Aim of the task: What follows is a listing to transcribe exactly, leaving the pictures out.

Given data:
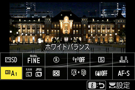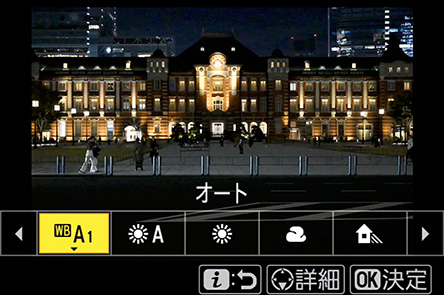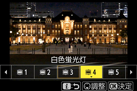 次に、仕上がりの色味を変えるホワイトバランスを調整します。選んだホワイトバランスによって光の色が変わり仕上がりイメージを変えることができます。どれを選ぶかは好みによりますが、今回は東京駅のレトロな雰囲気を活かして赤みを加える[白色蛍光灯]を選びました。
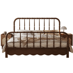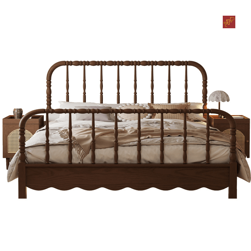 Giường gỗ sồi GGT008 là hiện thân của phong cách American Farmhouse cổ điển – nơi nghệ thuật phay tiện thủ công gặp gỡ thiết kế ấm cúng của nông trại Mỹ thế kỷ 19. Với hàng chục trụ tròn spindle xếp liền mạch, trụ xoắn hai bên uy nghiêm và đèn LED âm gầm lãng mạn, chiếc giường này mang đến không gian ngủ vừa hoài cổ vừa tinh tế. Đây là lựa chọn hoàn hảo cho những ai yêu thích vẻ đẹp vintage đích thực, muốn biến phòng ngủ thành góc nhỏ ấm áp như những ngôi nhà nông trại cổ kính ở miền quê nước Mỹ.
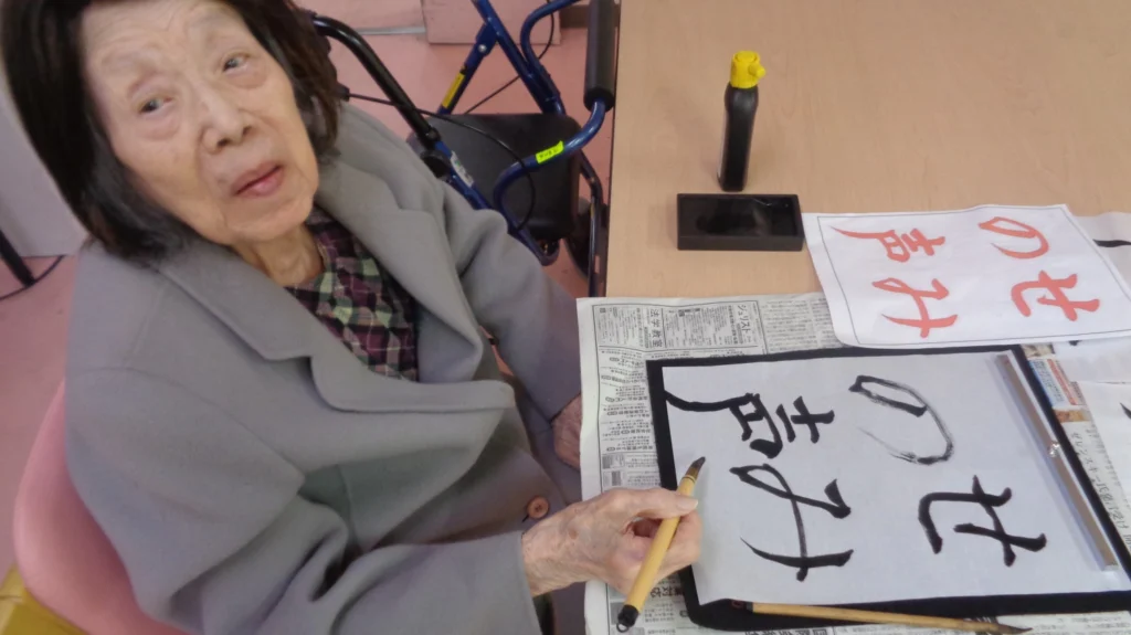 半紙1だけでなく2枚、3枚と複数枚書き、その中で一番良かったと思う作品をご自身の居室に貼られているご入居者様もいらっしゃいます。
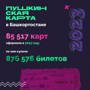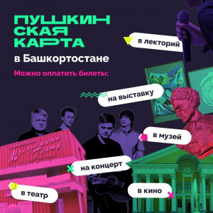 Молодежь Башкортостана может бесплатно посещать концерты, музеи, театры, кино, лектории и другие культурные мероприятия по «Пушкинской карте». В этом году в республике оформили 85 517 карт, по ним купили 876 578 билетов.

Written response:
 次に、仕上がりの色味を変えるホワイトバランスを調整します。選んだホワイトバランスによって光の色が変わり仕上がりイメージを変えることができます。どれを選ぶかは好みによりますが、今回は東京駅のレトロな雰囲気を活かして赤みを加える[白色蛍光灯]を選びました。
 Giường gỗ sồi GGT008 là hiện thân của phong cách American Farmhouse cổ điển – nơi nghệ thuật phay tiện thủ công gặp gỡ thiết kế ấm cúng của nông trại Mỹ thế kỷ 19. Với hàng chục trụ tròn spindle xếp liền mạch, trụ xoắn hai bên uy nghiêm và đèn LED âm gầm lãng mạn, chiếc giường này mang đến không gian ngủ vừa hoài cổ vừa tinh tế. Đây là lựa chọn hoàn hảo cho những ai yêu thích vẻ đẹp vintage đích thực, muốn biến phòng ngủ thành góc nhỏ ấm áp như những ngôi nhà nông trại cổ kính ở miền quê nước Mỹ.
 半紙1だけでなく2枚、3枚と複数枚書き、その中で一番良かったと思う作品をご自身の居室に貼られているご入居者様もいらっしゃいます。
 Молодежь Башкортостана может бесплатно посещать концерты, музеи, театры, кино, лектории и другие культурные мероприятия по «Пушкинской карте». В этом году в республике оформили 85 517 карт, по ним купили 876 578 билетов.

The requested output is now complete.